Linda Evangelista Named Creative Director & New Face Of Erasa — Botox In A Jar

Linda Evangelista once said that she and fellow supermodel Christy Turlington didn’t “wake up for less than $10,000 a day.” Now that she’s the new Creative Director, Vice President, and face of Erasa XEP-30—a cream that claims to replace Botox, launched over a year ago by the former chief scientist at Estée Lauder, Jules Zecchino—we wonder how much she’s making?

That figure isn’t public, of course, but Evangelista, now 51, a self-proclaimed beauty junkie who’s been the confident, alluring face of high-end brands from L’Oréal Paris to Dolce Gabbana, does intend to boost overall sales for the company: from a current revenue reported at $2 million, she plans to reach $7 million by 2017.

The plan? First, to expand the line, and second, to expand the market. Erasa currently sells their only product, Erasa XEP-30 Extreme Line Lifting and Rejuvenation Concentrate ($160), on their site and on Amazon; Evangelista plans to develop a moisturizer and build in sales at specialty retailers.

We were actually one of the first websites to review and report on Erasa at its launch.
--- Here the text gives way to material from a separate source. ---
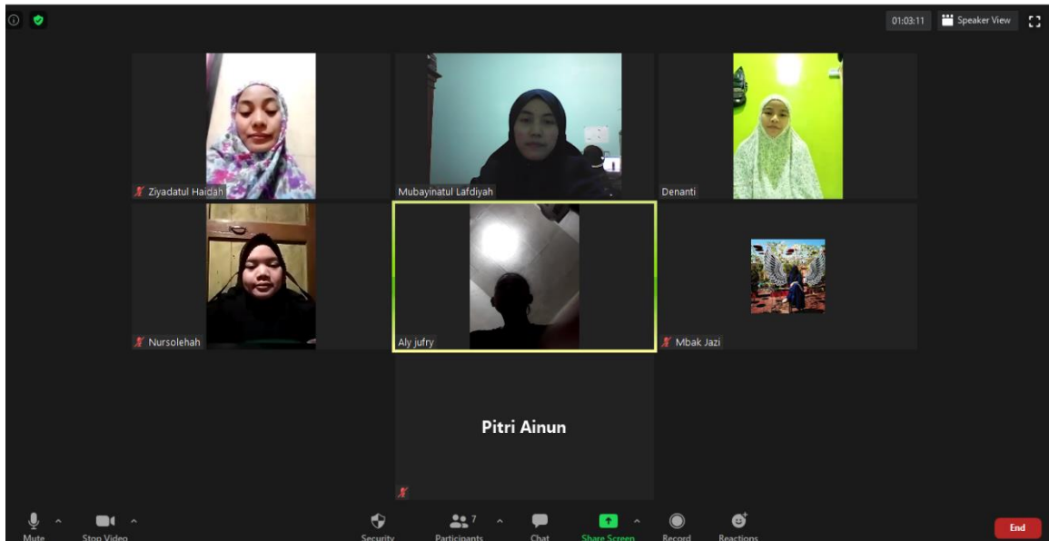
Gambar 1. Rapat Membahas Teknis

Selain itu, beberapa musyriyah terlambat mengirim laporan harian. Keterlambatan ini menghambat proses pemantauan dan menurunkan efektivitas monitoring. Keterlambatan pelaporan menjadi salah satu tantangan yang sering ditemukan pada program tahfidz berbasis daring (Pasaribu, 2022). Namun, program ini berhasil mengatasinya melalui pengingat personal oleh PJ. Program menerapkan beberapa strategi adaptasi, di antaranya:

The botox-replacing cream was created by Skyler Brand Ventures, an investment fund and skincare incubator founded by ex-Wall Streeters and the aforementioned Jules Zecchino. Zecchino created Erasa’s magic ingredient, a patented neuropeptide that mimics the paralyzing effect of snail venom—specifically from the Australian cone snail. (For more on snail venom, read this.) It promises to smooth out fine lines and also tackle melasma, which Evangelista has reportedly experienced.

Evangelista told Elle“I know what doesn’t work. I realized there was wasted time and wasted money involved in my skin care regimen.”

Her facialist, Charlotte’s Book contributor Georgia Louise, was the first to give her the product—apparently, after using Erasa, her dark circles disappeared, her pores got smaller, and (yes) her wrinkles smoothed.

According to the New York Post, Evangelista said: “Endorsing Erasa will be so easy and fun for me because it’s the first time I’ve believed in a product.” She continued, “I realized that I didn’t have Botox this year.”

We’re not quite sure that’s true—Evangelista is open about her Botox use, telling Elle recently:

“Am I against Botox? No! It’s good! I came out [saying I use it] against a lot of people’s wishes. My mom got mad when I said I used Botox, and I think it was in the late ’90s. I was just being honest. So many celebrities won’t say that they use Botox. They also say they don’t diet and that they don’t exercise.”

At Charlotte’s Book, we’re all for whatever works, so we’ll be keeping an eye out for whatever Evangelista develops over at Erasa.